Время шло в веселой беседе, которая порой принимала очень легкомысленный характер, что объяснялось отсутствием дам:
Берта не вышла к ужину, так как горе совсем сломило бедняжку. Лишь когда пробило двенадцать часов, наваррский король вспомнил, что не худо было бы отдохнуть теперь. Поэтому он попросил проводить его в отведенную ему комнату. В коридоре Рауль подошел к Генриху и сказал:
— Ваше величество, неужели мы пойдем спать?
— Но я думаю, милый мой! Вот странный вопрос!
— Дело в том, что видам мне почему-то очень подозрителен, и если он каким-нибудь чудом пронюхает, что под его кровлей находится наваррский ко…
— Милый мой, — перебил его Генрих, — вот уже три ночи, как я не смыкаю глаз. Я умираю от сонливости и не могу выдержать долее! Поэтому именно ввиду возможной опасности я прежде всего должен выспаться — иначе у меня не будет сил!
— Ну, так мы зато будем бодрствовать по крайней мере!
— Это хорошо. Так вот что, милый мой: возьми стул и проведи ночь у порога комнаты мадемуазель Берты!
— Слушаю-с, ваше величество. А вы-то сами как?
— Со мною лягут оба гасконца.
Генрих с остальными двумя гасконцами прошел в отведенную им комнату. Сам король сейчас же бросился не раздеваясь на постель, а гасконцы решили бодрствовать и, чтобы разогнать сонливость, принялись играть в кости. Но и часа не прошло, как один из них сказал:
— Странное дело! Никогда еще вино не кидалось так сильно мне в голову!

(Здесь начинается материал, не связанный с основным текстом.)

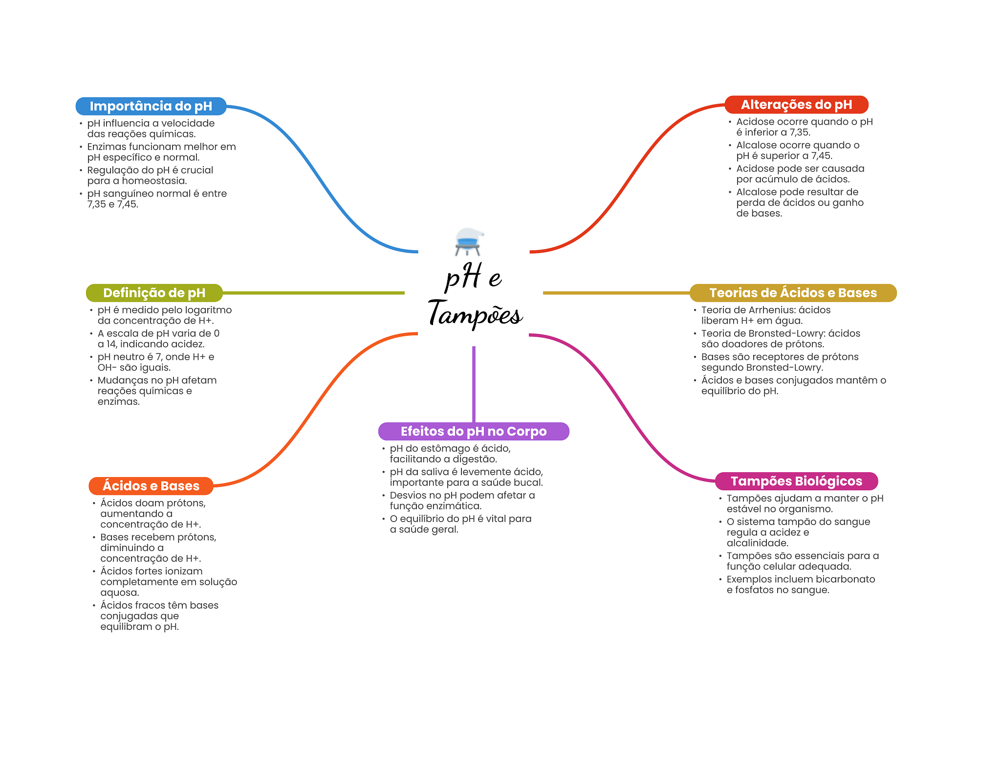 Importância do pH Alterações do pH pH influencia a velocidade Acidose ocorre quando pH das reações químicas. é inferior a 7,35. Enzimas funcionam melhor em Alcalose ocorre quando pH específico e normal. pH é superior a 7,45. Regulação do pH é crucial Acidose pode ser causada para a homeostasia. por acúmulo de ácidos. pH sanguíneo normal é entre Alcalose pode resultar de 7,35 e 7,45. perda de ácidos ou ganho de bases. pH e Definição de pH Teorias de Ácidos e Bases pH é medido pelo logaritmo da concentração de H+. Tampões Teoria de Arrhenius: ácidos liberam H+ em água. A escala de pH varia de 0 Teoria de Bronsted-Lowry: ácidos a 14, indicando acidez. são doadores de prótons. pH neutro onde H+ e Bases são receptores de prótons são iguais. segundo Bronsted-Lowry. Mudanças no pH afetam Ácidos e bases conjugados mantêm reações químicas e equilíbrio do enzimas. Efeitos do pH no Corpo pH do estômago é ácido, facilitando a digestão. pH da saliva é levemente ácido, Ácidos e Bases importante para a saúde bucal. Tampões Biológicos Desvios no pH podem afetar a Ácidos doam prótons, Tampões ajudam a manter O pH função enzimática. aumentando a estável no organismo. concentração de H+. equilíbrio do pH é vital para O sistema tampão do sangue a saúde geral. Bases recebem prótons, regula a acidez e diminuindo a alcalinidade. concentração de H+. Tampões são essenciais para a Ácidos fortes ionizam função celular adequada. completamente em solução Exemplos incluem bicarbonato aquosa. e fosfatos no sangue. Ácidos fracos têm bases conjugadas que equilibram pH.

— А я больше не в состоянии бодрствовать! — признался Другой.
— Знаешь что? Давай спать по очереди: час я, час ты!
— Идет! Кому первому сторожить? Кинем жребий!
— Тебе повезло! Спи, а я посторожу!
Но не прошло и четверти часа, как бодрствовавший гасконец заснул глубоким сном, не успев разбудить товарища. И тот, кто часа в два утра вошел бы в эту комнату, мог бы услыхать три громогласных храпа, напоминавших гудение соборных колоколов.
Только Рауль, сидевший перед комнатой Берты Мальвен, оказался более стойким, чем его товарищи. Это можно было объяснить двумя обстоятельствами: во — первых, он пил гораздо меньше их за столом гостеприимного видама, во-вторых, не имел возможности так утомиться, как остальные гасконцы, потому что, в то время как наваррский король со своими людьми выбивались из сил, доставляя шаланду в Блуа, Рауль пользовался покоем и комфортом в обществе Анны Лотарингской.
Конечно, спать ему хотелось очень сильно, но все же не до такой степени, чтобы забыть долг часового, и, рассевшись поудобнее в кресле, Рауль задумался обо всем, что произошло с ним в последнее время.
Легко понять, какую большую роль в этих воспоминаниях играла Анна Лотарингская. Рауль не мог не сознавать, что непосредственным виновником катастрофы, постигшей прекрасную герцогиню, явился он, Рауль, предательски изменивший ей, вовлекший ее в западню… И теперь это прекрасное тело лежит, почерневшее и распухшее, на дне холодной, мрачной реки… А ведь она так любила его, так ласкала!..
Вдруг Рауль вздрогнул, привскочил и даже протер глаза. Не заснул ли он, чего доброго? Юноша» сильно ущипнул себя нет, очевидно, это происходит наяву! Но в таком случае… О, как это ужасно!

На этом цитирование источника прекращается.